Structure and properties of tough starch modified with rubber-based polyurethane microparticles

Introduction

In material science, researchers are looking for efficient renewable materials to face petroleum shortage and environmental concerns. ¹ Starch, with a combination of factors including biodegradability, low cost, and its availability in abundance from a variety of plant sources, can be considered as a viable alternative to conventional plastics. ² In addition, the ample hydroxyl groups in the starch enable targeted surface modification to introduce virtually any desired surface functionality. Chemically modified starch such as by hydrolysis, esterification, and oxidation are currently produced in industry. However, most conventional chemical methods involve harsh reaction conditions and hazardous reagents such as acid anhydrides and acyl chlorides. ³ Composite materials incorporating starch under mild conditions, which offer a more environmentally friendly alternative, are the focus of increasing interest.
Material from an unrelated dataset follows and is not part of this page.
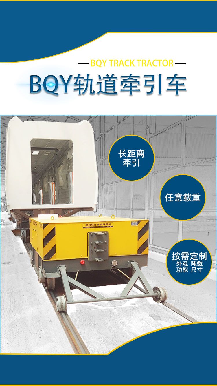 该产品是由蓄电池提供电源的轨道平车,蓄电池安装在平车的内部源通过电气控制系统,给直流牵引电机提供电力,使平车启动、停止、前进、后退、调速等。它能够在 S 型轨道、弧型轨道及易燃易爆、摆渡场合使用,平车上可以加装液压升降系统。平车直流电机有启动平稳、启动力距大、对减速机冲击小、电压低、使用寿命长等优点,运行距离不受限制,对轨道铺设要求不高,适用于长距离运输场合。

As a suitable polymer used in starch modification, rubber has attracted great attention. Rubber is used extensively in many applications and products. It can normally be stretched and is extremely waterproof because hydrophobic rubber is not compatible with hydrophilic starch, the grafting efficiency of the rubber component used for preparing the compatible rubber–starch composite is not high; modification was designed to make starch hydrophobic ^{4 –6} or make rubber hydrophilic ^7,8 ; other methods use compatibilizers. ⁹ However, the complicated modification approach and the dependence on the availability and efficiency of the compatibilizers limited their applications.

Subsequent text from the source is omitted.